The carbonic anhydrase inhibitor acetazolamide inhibits urinary bladder cancers via suppression of β-catenin signaling

Carbonic anhydrases (CAs) play an important role in maintaining pH homeostasis. We previously demonstrated that overexpression of CA2 was associated with invasion and progression of urothelial carcinoma (UC) in humans. The purpose of the present study was to evaluate the effects of the CA inhibitor acetazolamide (Ace) on N-butyl-N-(4-hydroxybutyl)nitrosamine (BBN)-induced bladder carcinogenesis in mice and explore the function of CA2 in muscle invasion by UC. Male mice were treated with 0.025% (experiment 1) or 0.05% BBN (experiment 2) in their drinking water for 10 weeks, then treated with cisplatin (Cis), Ace, or Cis plus Ace for 12 weeks. In experiment 1, the overall incidence of BBN-induced UCs was significantly decreased in the BBN -> Ace and BBN -> Cis+Ace groups. In experiment 2, the overall incidence of BBN-induced UCs was significantly decreased in the BBN -> Cis+Ace group, and the incidence of muscle invasive UC was significantly decreased in both the BBN -> Ace and the BBN -> Cis+Ace groups. We also show that overexpression of CA2 by human UC cells T24 and UMUC3 significantly increased their migration and invasion capabilities, and that Ace significantly inhibited migration and invasion by CA2-overexpressing T24 and UMUC3 cells.

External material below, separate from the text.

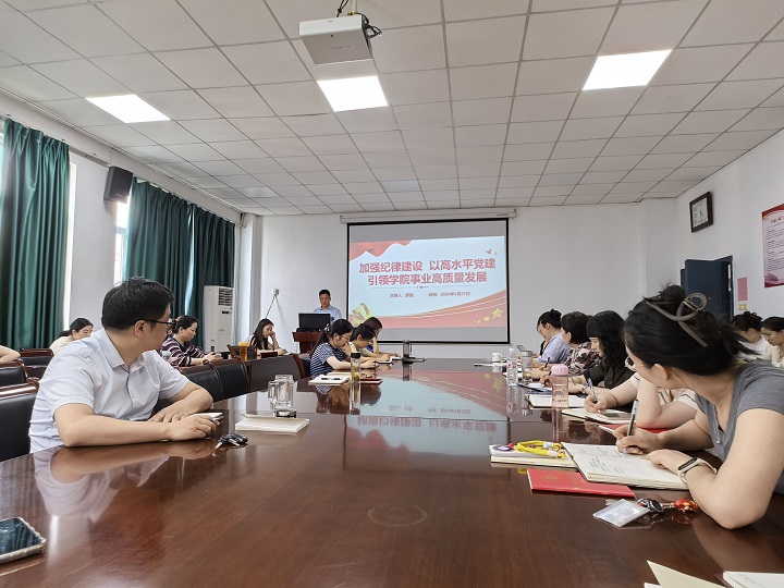 6月25日下午,香香腐宅 举行党委理论学习中心组学习(扩大)会暨党纪学习教育专题党课,集中学习了《习近平关于全面加强党的纪律建设论述摘编》部分内容。该院党委书记薛磊以《加强纪律建设 以高水平党建引领学院事业高质量发展》为题讲授专题党课。

These data demonstrate a functional association of CA2 with UC development and progression, confirming the association of CA2 with UC that we had shown previously by immunohistochemical analysis of human UC specimens and proteome analysis of BBN-induced UC in rats. Our finding that inhibition of CA2 inhibits UC development and muscle invasion also directly confirms that CA2 is a potential therapeutic target for bladder cancers.

Automated summary

In this study, the functional association of carbonic anhydrases (CA) with the development and invasion of urothelial carcinoma (UC) was investigated. It was found that overexpression of CA2 is associated with invasion and progression of UC. Treatment with the CA inhibitor acetazolamide (Ace) significantly decreased the incidence of UC induced by N-butyl-N-(4-hydroxybutyl)nitrosamine (BBN) and inhibited muscle invasion. The inhibition of CA2 by Ace also suppressed migration and invasion capabilities of UC cells. These findings confirm CA2 as a potential therapeutic target for bladder cancer.